Zu Beginn dieser Unternehmung stand eine Anfrage einer Ausstellungsmöglichkeit der GEDOK Mitteldeutschland e.V. an das Stadtgeschichtliche Museum Leipzig. Der 90. Geburtstag der GEDOK stand vor der Tür und das Wirken des Künstlerinnennetzwerks – mit und für die Künstlerinnen als auch mit und für die Stadt – sollte der Öffentlichkeit präsentiert werden.

Dem Ansinnen nicht abgeneigt, nahm eine gemeinsame Begehung der derzeitigen Ausstellung eine andere Wendung: wo sind nur die Frauen in der gezeigten Stadtgeschichte? Frauen sind doch nicht nur Beiwerk, Vignette oder Dekoration der Geschichte! Öffentlich oder verborgen, mit dem Einfluss auf ganze Regionen oder nur auf die Familie, mit Geschick, Wissen und Mut als auch Finanzkraft lenkten Frauen ebenso wie Männer den Weltenlauf.

Ein Konzept nahm nach vielen Überlegungen Gestalt an, welches diese Leerstellen beseitigen, die Frauen ans Licht holen wollte. Mit einer Ausschreibung erging eine Aufgabe an die Künstlerinnen: zeigt die Frauen und ihre Geschichte! Interveniert! Somit verband sich der ursprüngliche Wunsch mit einer neuen Idee: Künstlerinnen zeigen ihr Schaffen und Wirken, welches gleichzeitig (bewusst?) Verborgenes, bisher nicht Gezeigtes oder gar Vergessenes an den Ort bringt, in der auch die Erinnerung den Weg in die Zukunft öffnen soll.

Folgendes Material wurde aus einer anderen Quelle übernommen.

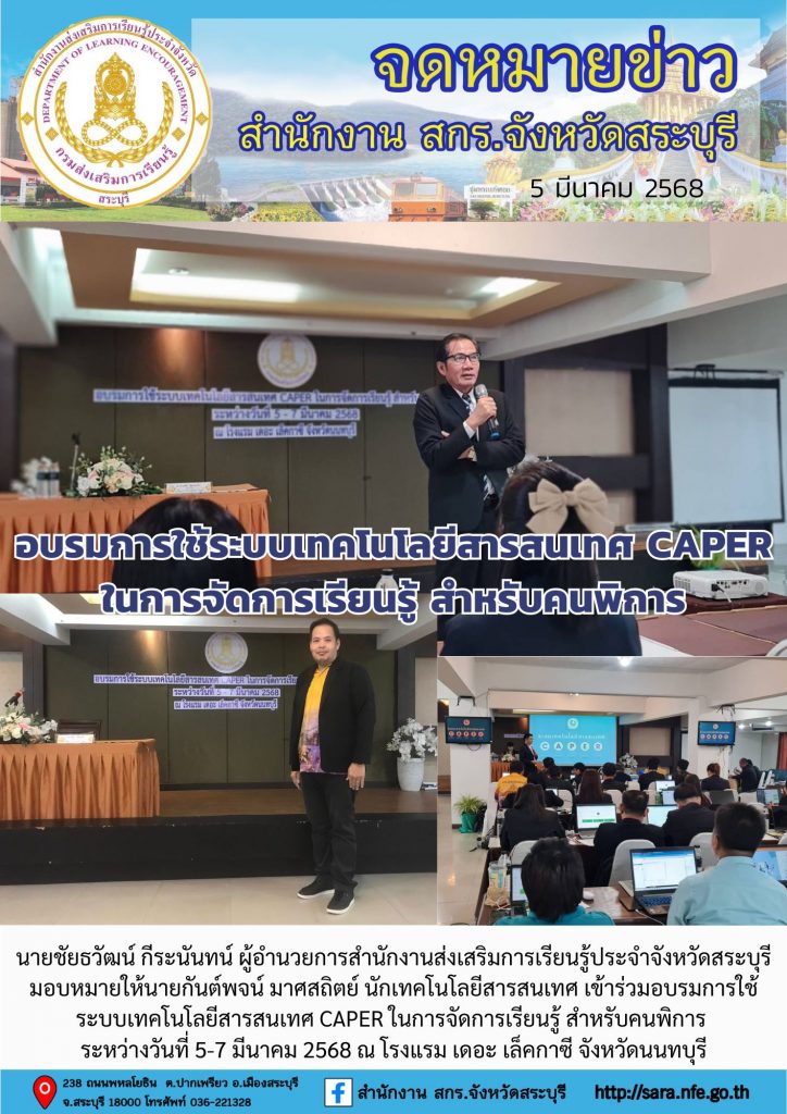 วันที่ 5 มีนาคม 2568 นายชัยธวัฒน์ กีระนันทน์ ผู้อำนวยการสำนักงานส่งเสริมการเรียนรู้ประจำจังหวัดสระบุรี มอบหมายให้นายกันต์พจน์ มาศสถิตย์ นักเทคโนโลยีสารสนเทศ เข้าร่วมอบรมการใช้ระบบเทคโนโลยีสารสนเทศ CAPER ในการจัดการเรียนรู้ สำหรับคนพิการ ระหว่างวันที่ 5-7 มีนาคม 2568 ณ โรงแรม เดอะ เล็คกาซี จังหวัดนนทบุรี

Ein große Anzahl von Künstlerinnen und Künstlern innerhalb und außerhalb der GEDOK stellten sich der Aufgabe, eine Jury wählte 20 von ihnen aus. Die künstlerischen Arbeiten bedienen sich verschiedener Mittel des Ausdrucks, von Malerei, Zeichnung und Drucktechniken zu Bildhauerei und Installationen, welche sich auch im musikalisch-atmosphärischen Raum bewegen, als auch Fotografie und nicht zu vergessen der Sprache und Performance. Die Arbeiten entstanden ganz aktuell oder in vergangenen Jahrzehnten, nehmen aber immer den Bezug zur Geschichte auf und verweisen in die Zukunft. Die Interventionen zeigen jetzt Frauen jeden Alters und verschiedenen Hintergrunds, erfolgreiche als auch verfolgte Frauen, Frauen des Alltags als auch hochgestellte Frauen des Adels und der (heiligen) Verehrung. Nicht nur als Feststellung. Auch als Frage des Denkens und Urteilens über diese Frauen an sich selbst und die Gesellschaft.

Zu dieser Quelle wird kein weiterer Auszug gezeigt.